One of the top speakers at the latest BAM Marketing Congress listened to the name of Samira Brophy. There, the London-based Creative Excellence Director of Ipsos described the rather worrying results of a large-scale meta-analysis of 200 sustainability ads from a total of 15 countries. After her presentation, she went into further detail for us about the ingredients of a wisely successful strategy.


The researchers looked for ads that had one of the three ESG pillars (Environmental, Social, Governance) as a starting point. In practice, 'E' and to a lesser extent 'S' then dominate, but that does not make the study any less interesting.
Especially since the study's parameters were anything but out of the blue. In fact, the research team looked for brand attention and the robust Creative Effect Index. The fact that these are used to measure all types of ads allows for comparison and provides a solid scientific basis.

Sustainability clichés
As an advertiser, does talking about sustainability provide an advantage in terms of effectiveness? That was the first question Samira Brophy and her colleagues tried to answer. "The answer is no: there is no boost in attention or creative effect. More than that, people just pay less attention to sustainability ads." "Why is that?" was a logical follow-up question. "What it turns out: many messages are very generic, and the creative ability to make sense of the issues and integrate the brand into that story is too low."
Brophy knows where it often goes wrong. "Brand advertisers traditionally focus on three elements: explaining the context, explaining the brand category and highlighting the brand. The sustainability category is often presented by showing windmills or happy farmers. But every brand in each category does the same thing. As a result, you end up with a series of sustainability clichés and the audience is logically reluctant to pay attention to them."
Another pitfall has to do with the messages themselves. "Many brands invite people to participate in some kind of collective struggle. However, such ads are less effective than messages in which a brand is open and honest and talks mainly about the steps they themselves are taking. You do versus I do, as it were."

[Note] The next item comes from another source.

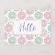Um cartão postal com um padrão deliciosamente divertido. Ilustração de donuts rosa e verde pastel com confeitos e glacê.

Be yourself and build on your brand positioning
Following on from this, it is important for companies to hang their sustainability ads on their brand positioning. "Otherwise, your messages will come across as forced and inauthentic, even if you stay true to your known style in terms of execution," says Brophy. Be yourself, in short, is the motto. "Many companies are too quick to come up with some claim, around which they then develop a whole campaign. But you must first take ten steps backwards and do the required strategic work. Conduct a category and brand audit, so you can check whether you are responding to a real need and want to bring a coherent story that appeals to people."
The good news: as long as the link between brand positioning and the sustainability story is right, it doesn't really matter what type of company you are. "During the last Super Bowl, mayonnaise brand Hellmann's launched a successful campaign around food waste. Since the brand revolves around food, it builds on that with that sustainability angle and stays true to its positioning and heritage."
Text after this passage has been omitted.